Sure, plenty of jobs in Brežice. :lol: (unless you wanna drive from Zagreb to Ljubljana and back every workday)


----------



## oakwood.... (Apr 24, 2011)

Broccolli said:


> I would say that is other way around.. living in Zagreb working in Slovenia.:lol:


I agree with this statement, but there are cases of reversal, only in a much smaller number.


----------



## Broccolli (May 30, 2010)

Yes Zagorje region in my neighborhood in LJ there are also few cars with KR licence plates. At first i thought that it is Kranj licence plate but when i looked closer i saw that is croatian Kranj.. a.k.a Krapina


----------



## Broccolli (May 30, 2010)

Verso said:


> Sure, plenty of jobs in Brežice. :lol: (unless you wanna drive from Zagreb to Ljubljana and back every workday)

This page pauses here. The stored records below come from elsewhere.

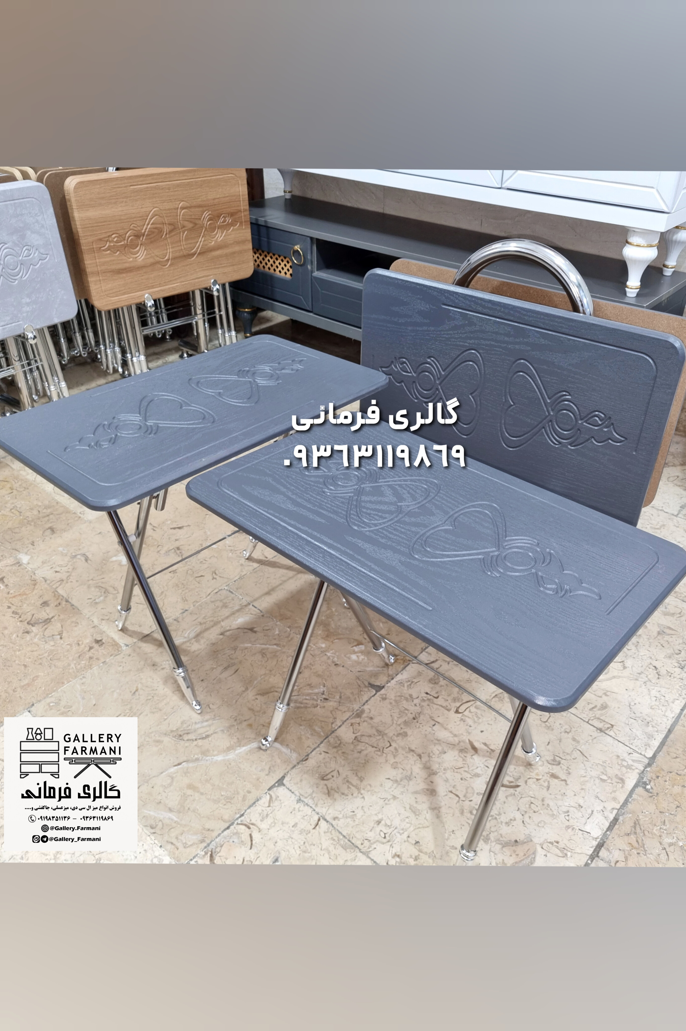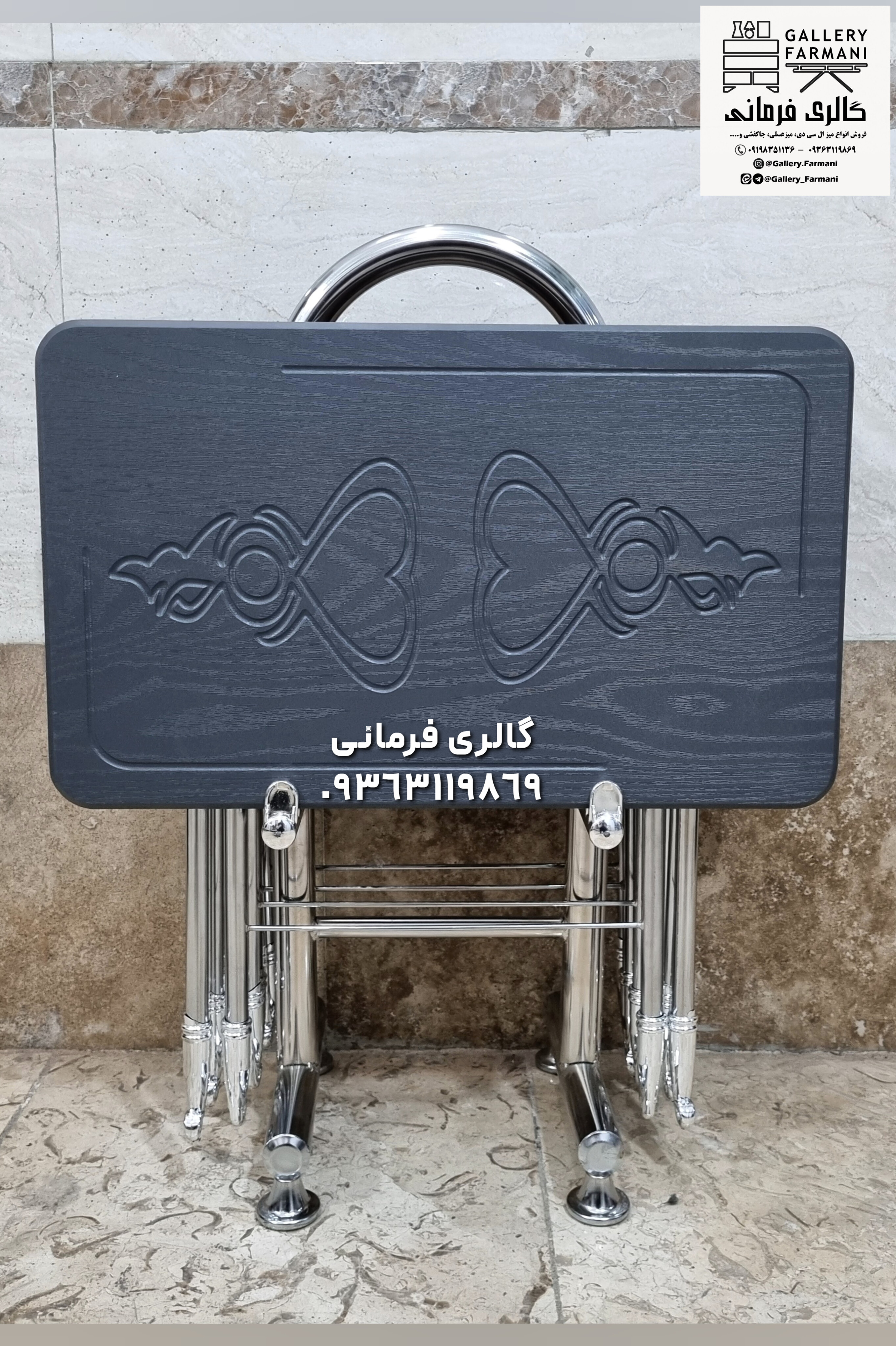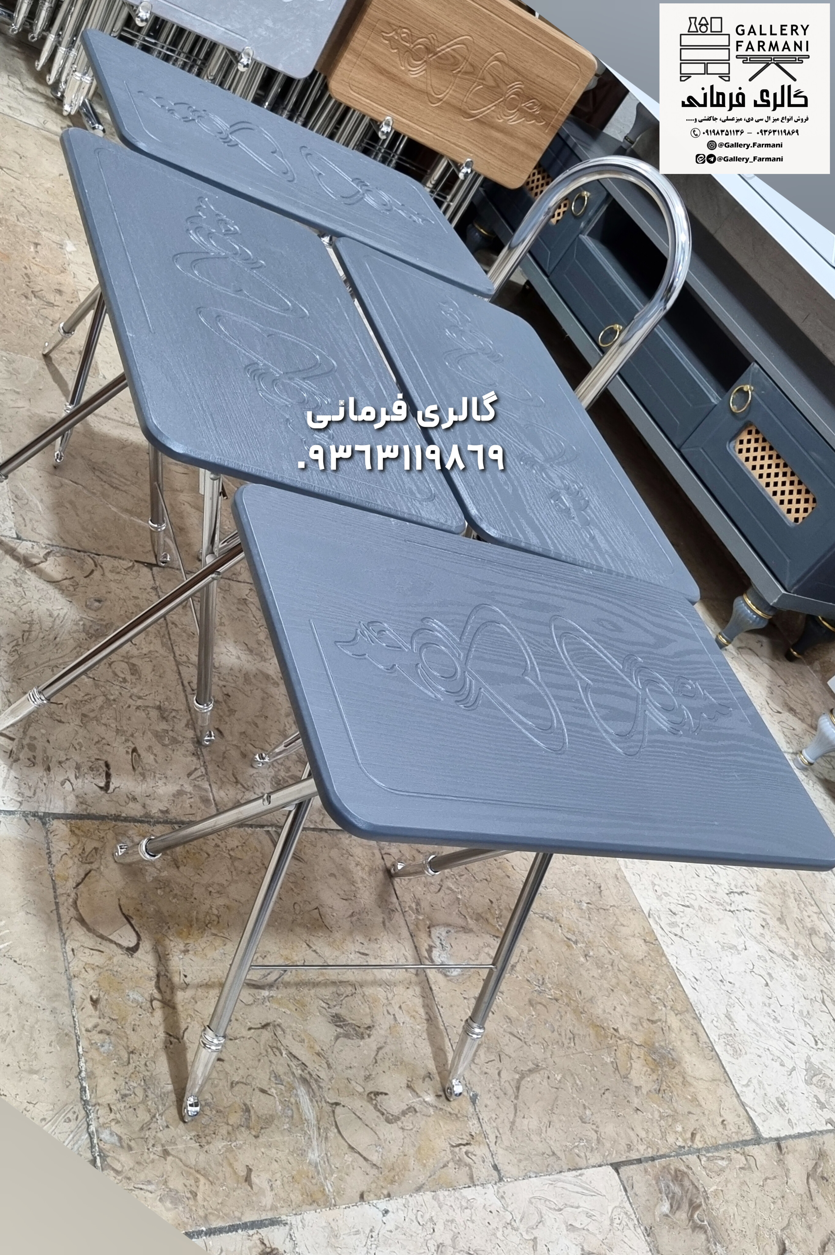 میزعسلی های تاشو شامل چهار عدد میزعسلی و یک استند نگهدارنده مناسب پذیرایی در منازل و فضاهای کوچک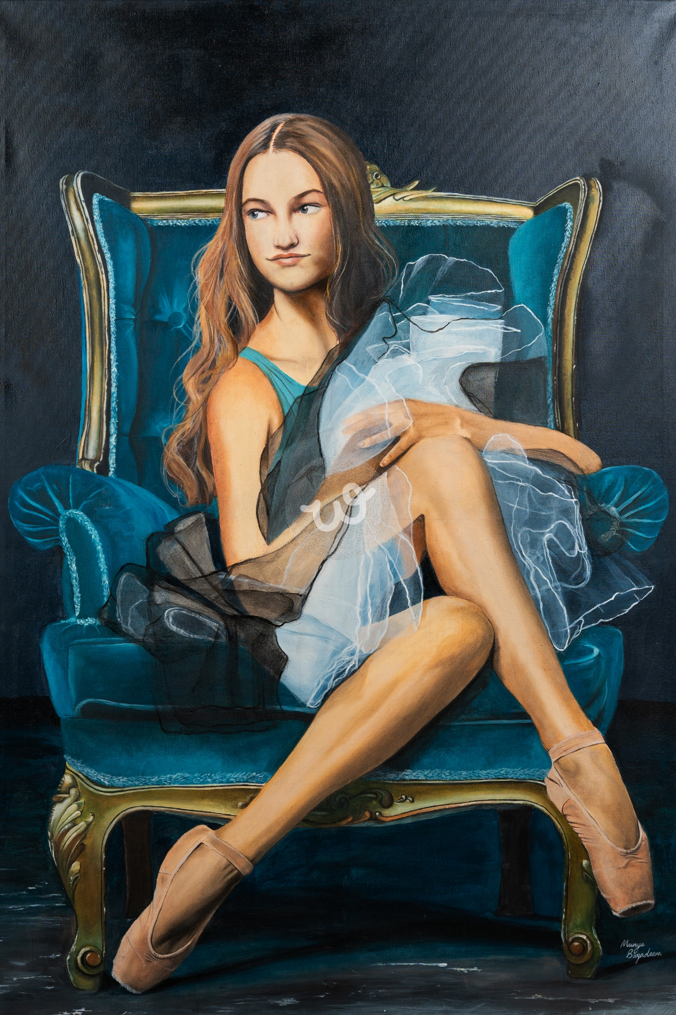 لوحة زيتية لفتاة البالية وهي جالسة على الكرسي متباهية بجمالها وبلبسها
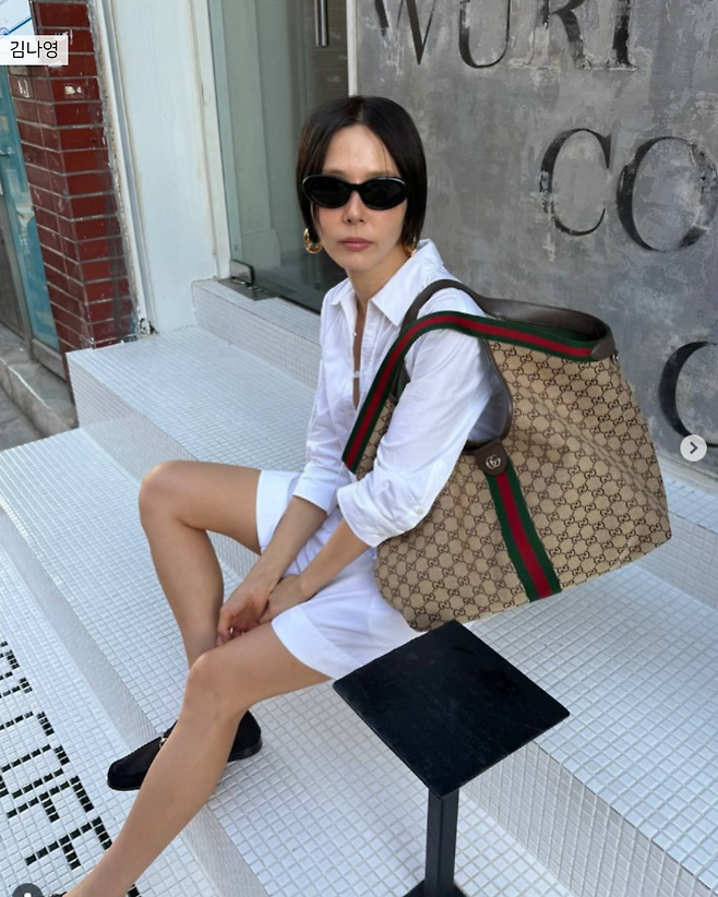 화이트 셔츠를 툭 얹어 주어 시크한듯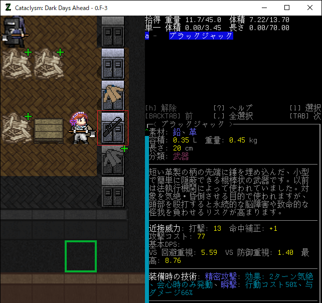 「ブラックジャック」は打撃13の鈍器です。それなりに打撃の値があって容積が0.35Lと低い。つまり携帯性に優れている鈍器だから家具をぶっ壊すのに最適なのだ。まあ武器としては役に立たないので、家具を壊している最中に襲撃されたら大ピンチになる。それでもブラックジャックは持ち歩きます。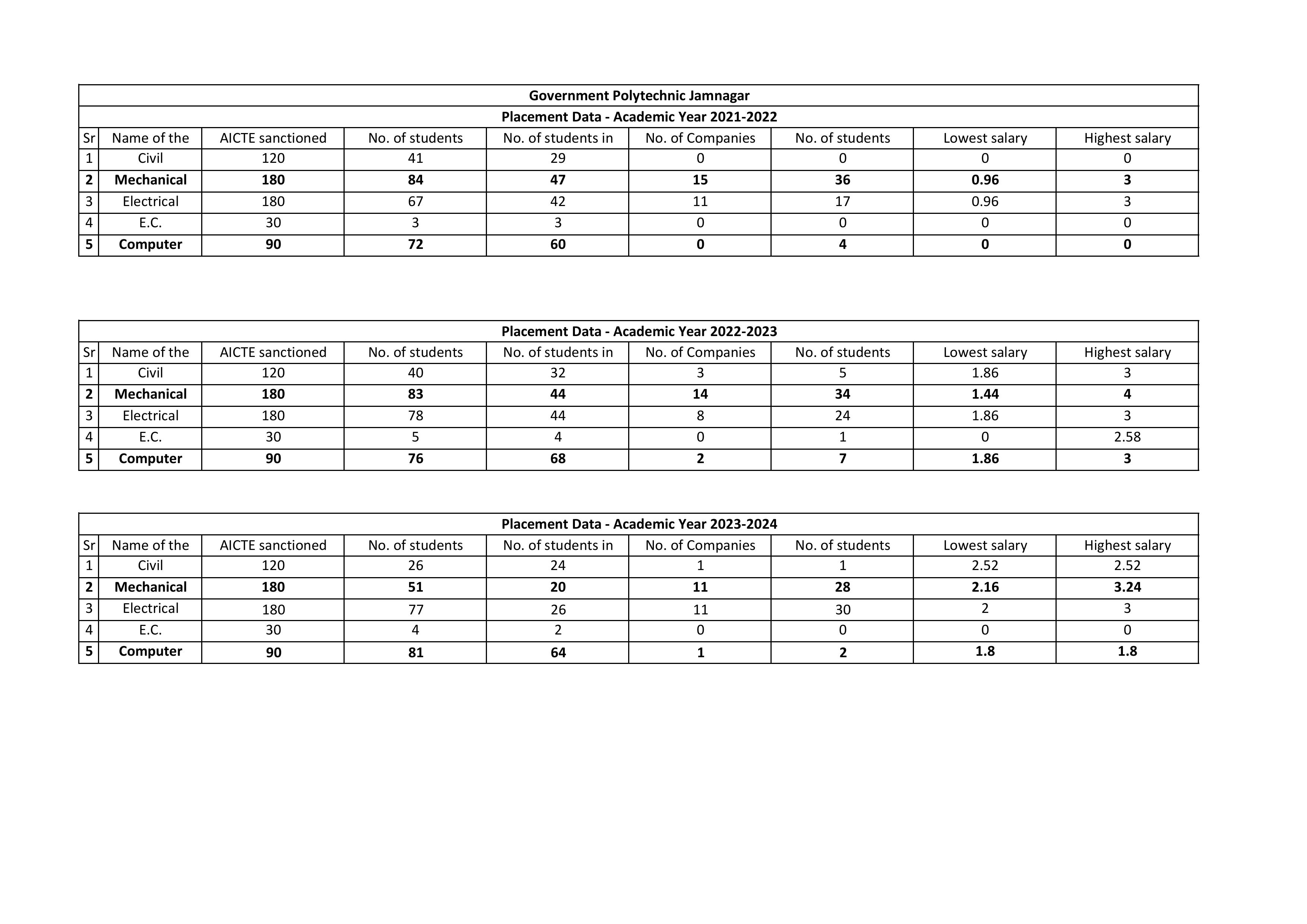 CAMPUS PLACEMENT DATA 2021 TO 2024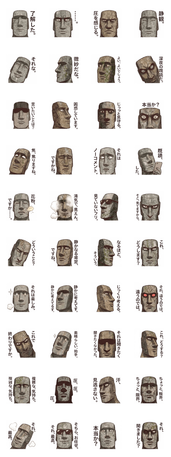 石像のモアイが日常に圧をかけるスタンプ。つよくつよく圧を掛けたいときに。仕事や友達への返信に。石像ならではの圧を。

Well Krško nuclear power plant is close


----------



## oakwood.... (Apr 24, 2011)

How it works in Slovenia, such as whether there are cases in which a someone living in one country and work in another? To what extent are such cases, and have given up more often be Austria or Italy?


----------



## oakwood.... (Apr 24, 2011)

I think I could see on TV, and there are cases where people cross into Slovenia from Gorski Kotar and Ozalj and cross the border every day for going to work


----------



## oakwood.... (Apr 24, 2011)

Suburbanist said:


> Are there many cross-border commutes between the Serbo-Croatian areas in Bosnia and either Croatia and Serbia?


There are approximately a lot of transition, a lot of people have relatives in all three states, why do you ask?


----------



## Palance (Mar 23, 2005)

oakwood.... said:


> Why do you think so?


Well, because I already told so: Border checks can prevent people from travelling, it is easier to not have border checks then to have them. Furthermore, inside the EU it is quite easy to live and work in an other state (with some excemptions). HR is not an EU-state (yet) and unless there are treaties between HR ans SLO about working in each other countries, people could face more difficulties besides border checks (like tax payment, insurance, etc.)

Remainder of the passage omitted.